What to work on —
Leave the pictures out and print, word for word, the lines below from the one with "A10:可以叠加,满星后就是注灵属性+200%。" through the final line.

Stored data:
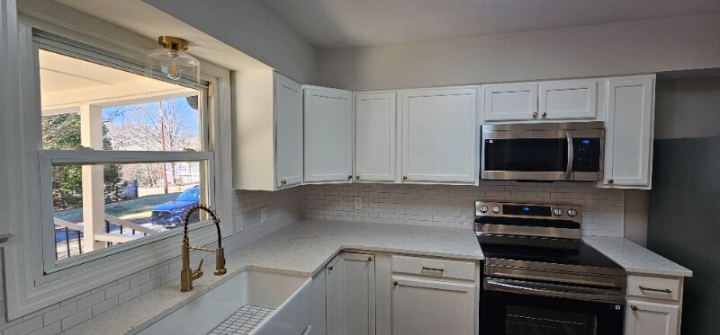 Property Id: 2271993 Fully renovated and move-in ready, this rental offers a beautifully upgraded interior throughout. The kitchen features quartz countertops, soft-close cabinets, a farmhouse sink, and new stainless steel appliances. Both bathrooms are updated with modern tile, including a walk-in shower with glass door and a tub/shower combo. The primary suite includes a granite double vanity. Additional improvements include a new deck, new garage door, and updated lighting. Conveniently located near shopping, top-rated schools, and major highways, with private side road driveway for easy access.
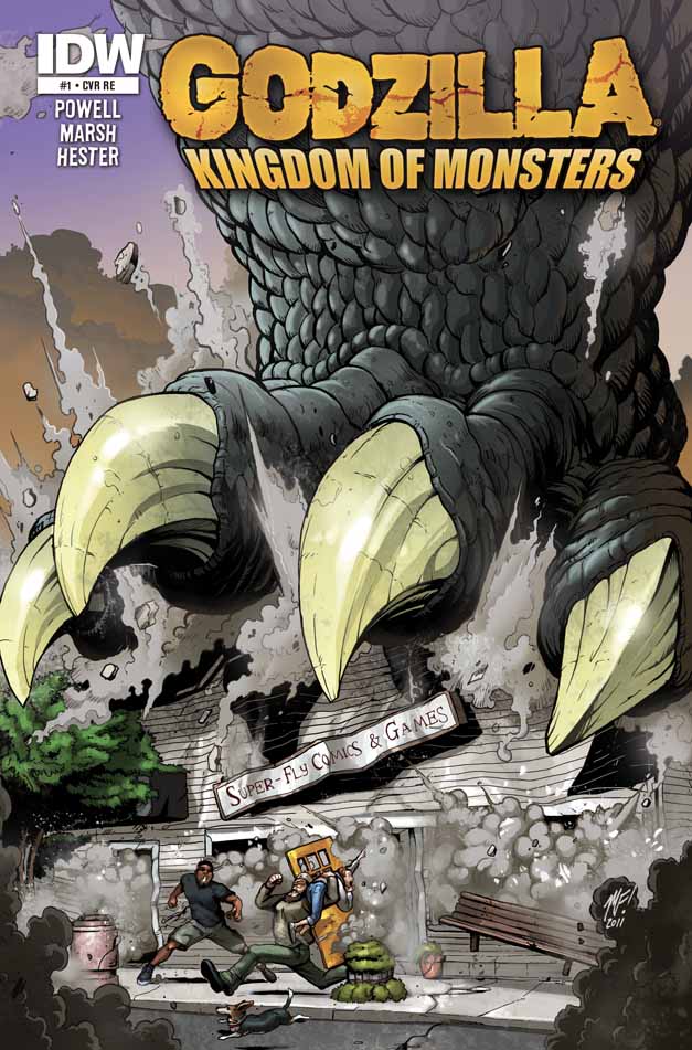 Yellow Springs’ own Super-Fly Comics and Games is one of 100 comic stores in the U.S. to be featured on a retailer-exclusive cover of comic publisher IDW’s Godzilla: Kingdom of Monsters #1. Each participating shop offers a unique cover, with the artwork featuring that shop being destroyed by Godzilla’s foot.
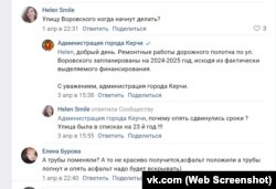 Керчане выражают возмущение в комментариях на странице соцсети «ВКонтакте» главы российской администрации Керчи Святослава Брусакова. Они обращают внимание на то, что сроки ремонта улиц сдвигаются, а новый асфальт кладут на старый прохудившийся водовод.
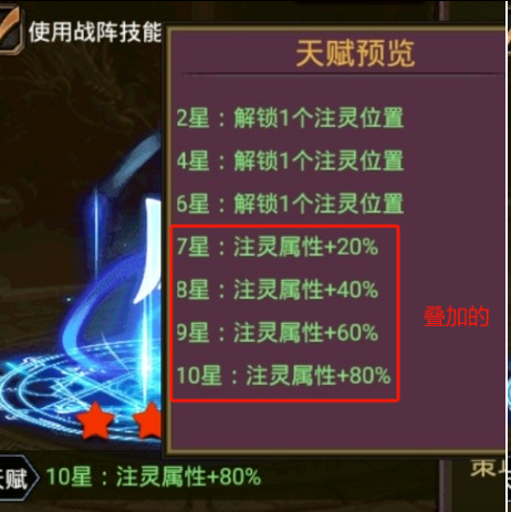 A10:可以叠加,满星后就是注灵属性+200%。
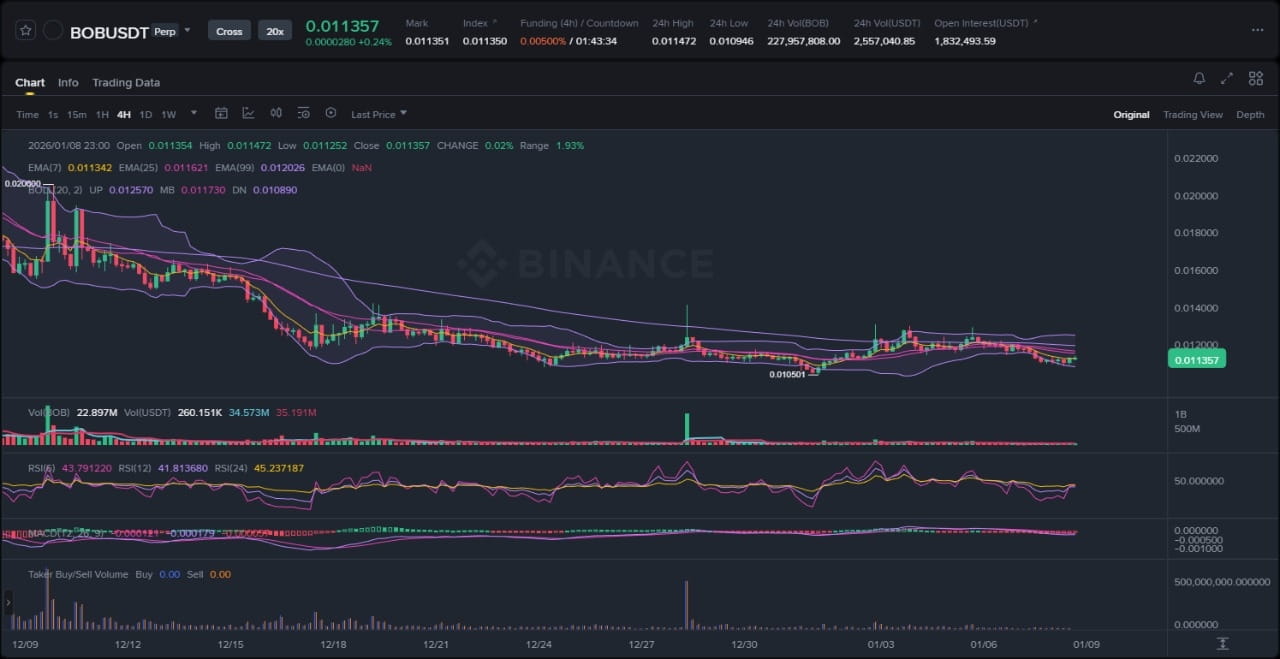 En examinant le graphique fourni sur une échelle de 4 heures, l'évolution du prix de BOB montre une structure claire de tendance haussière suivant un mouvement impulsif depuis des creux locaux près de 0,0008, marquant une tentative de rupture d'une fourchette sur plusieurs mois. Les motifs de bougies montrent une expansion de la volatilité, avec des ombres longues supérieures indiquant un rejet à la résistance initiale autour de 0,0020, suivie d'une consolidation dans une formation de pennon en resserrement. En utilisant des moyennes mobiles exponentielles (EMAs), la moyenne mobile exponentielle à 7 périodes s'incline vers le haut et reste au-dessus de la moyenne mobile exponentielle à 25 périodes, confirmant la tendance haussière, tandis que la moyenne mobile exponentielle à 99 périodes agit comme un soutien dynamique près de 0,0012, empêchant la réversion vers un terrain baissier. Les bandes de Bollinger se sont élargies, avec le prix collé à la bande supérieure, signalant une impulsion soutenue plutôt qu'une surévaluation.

Task solution —
 A10:可以叠加,满星后就是注灵属性+200%。
 En examinant le graphique fourni sur une échelle de 4 heures, l'évolution du prix de BOB montre une structure claire de tendance haussière suivant un mouvement impulsif depuis des creux locaux près de 0,0008, marquant une tentative de rupture d'une fourchette sur plusieurs mois. Les motifs de bougies montrent une expansion de la volatilité, avec des ombres longues supérieures indiquant un rejet à la résistance initiale autour de 0,0020, suivie d'une consolidation dans une formation de pennon en resserrement. En utilisant des moyennes mobiles exponentielles (EMAs), la moyenne mobile exponentielle à 7 périodes s'incline vers le haut et reste au-dessus de la moyenne mobile exponentielle à 25 périodes, confirmant la tendance haussière, tandis que la moyenne mobile exponentielle à 99 périodes agit comme un soutien dynamique près de 0,0012, empêchant la réversion vers un terrain baissier. Les bandes de Bollinger se sont élargies, avec le prix collé à la bande supérieure, signalant une impulsion soutenue plutôt qu'une surévaluation.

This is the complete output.